Find out more about VMFS-6 and other vSphere 6.5 storage enhancements in this core storage white paper.
Hi Cormac,
I enjoyed reading post! It has some very interesting details. For instance, I didn’t know that pointer blocks are no longer used. (Now I wonder why the files .pbc.sf and pb2.sf still exist on vmfs-6 …)
By the way, this might not be useful information, but the output of “vmkfstools -D .sbc.sf” also shows the sub block size 🙂
[root@esxi65:/vmfs/volumes] vmkfstools -D vmfs6a/.sbc.sf
Lock [type 10c00001 offset 7503872 v 3, hb offset 3571712
gen 1, mode 0, owner 00000000-00000000-0000-000000000000 mtime 7274
num 0 gblnum 0 gblgen 0 gblbrk 0]
Addr , gen 1, links 1, type sys, flags 0x8, uid 0, gid 0, mode 400
len 1074331648, nb 1025 tbz 0, cow 0, newSinceEpoch 1025, zla 5, bs 1048576
16384 resources, each of size 65536 < You can also see that the pointer block system resource file is now really small (a single 64K sub-block?) …

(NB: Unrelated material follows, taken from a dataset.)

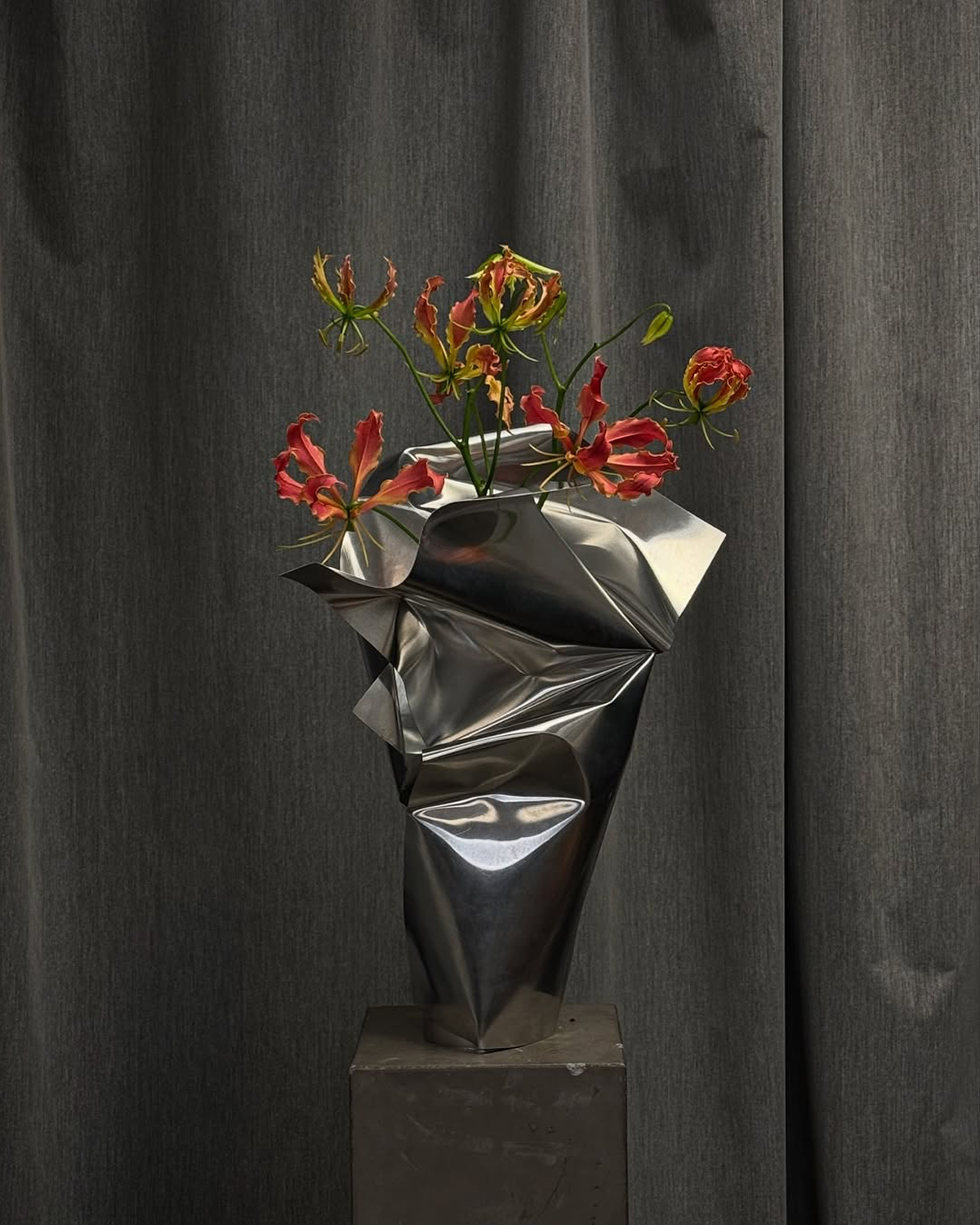 This year's florals are getting a major, heavy metal upgrade. Emerging as one of the most compelling wedding trends of the moment, metal-wrapped florals reframe traditional arrangements through an industrial lens. Florists are moving beyond ceramic and glass vases, embracing chrome, steel, and sculpted metal to encase or accent blooms instead. This striking contrast creates tension between softness and structure, with bouquets bound in gleaming wraps, centerpieces rising from architectural vessels, and petals subtly reflected in the shimmering finishes. This style is the perfect addition for any modern wedding, sharpening silhouettes and elevating even the simplest, ikebana-inspired arrangements. It's a bold transition from artistic, over-the-top arrangements, where the metallic foundation itself becomes part of the storytelling, signaling a futuristic, art-gallery-like aesthetic that feels undeniably fresh.

It would indeed fit into a sub block but for some reason the file occupies a file block (zla 1 = file block, block size,bs = 1 MB) – at least on my system. Now, this is certainly useless information, isn’t it? 😀
[root@esxi65:/vmfs/volumes/5888b574-02fd7324-dd77-000c2975f544] vmkfstools -D .pbc.sf
Lock [type 10c00001 offset 7495680 v 1, hb offset 0
gen 0, mode 0, owner 00000000-00000000-0000-000000000000 mtime 7152
num 0 gblnum 0 gblgen 0 gblbrk 0]
Addr , gen 1, links 1, type sys, flags 0, uid 0, gid 0, mode 400
len 65536, nb 1 tbz 0, cow 0, newSinceEpoch 1, zla 1, bs 1048576 <=============
0 resources, each of size 65536
Organized as 0 CGs, 8 C/CG and 0 R/C
CGsize 65536. 0th CG at 65536
The only explanation I have is that the file was bigger than 64k at some time. A new file with a size of 64k is stored in a sub block (zla 2 = sub block, Block size = 64kB) (as opposed to VMFS3, where only files smaller than 64k are stored in a sub block):
[root@esxi65:/vmfs/volumes/5888b574-02fd7324-dd77-000c2975f544] vmkfstools -D 64k.txt
Lock [type 10c00001 offset 133758976 v 7, hb offset 3571712
gen 169, mode 0, owner 00000000-00000000-0000-000000000000 mtime 246
num 0 gblnum 0 gblgen 0 gblbrk 0]
Addr , gen 1, links 1, type reg, flags 0x1, uid 0, gid 0, mode 644
len 65536, nb 1 tbz 0, cow 0, newSinceEpoch 1, zla 2, bs 65536 <=============
When a small file is overwritten with data larger than 64k and then again with small data, the file stays on a file block:
# dd if=/dev/zero bs=1k count=10 of=test.txt
# dd if=/dev/zero bs=1k count=70 of=test.txt
# dd if=/dev/zero bs=1k count=10 of=test.txt
[root@esxi65:/vmfs/volumes/5888b574-02fd7324-dd77-000c2975f544] vmkfstools -D test-grow.txt
Lock [type 10c00001 offset 62193664 v 7, hb offset 3571712
gen 169, mode 0, owner 00000000-00000000-0000-000000000000 mtime 296
num 0 gblnum 0 gblgen 0 gblbrk 0]
Addr , gen 1, links 1, type reg, flags 0x9, uid 0, gid 0, mode 644
len 10240, nb 1 tbz 0, cow 0, newSinceEpoch 1, zla 1, bs 1048576 <=============
Very cool – thanks for sharing Pascal.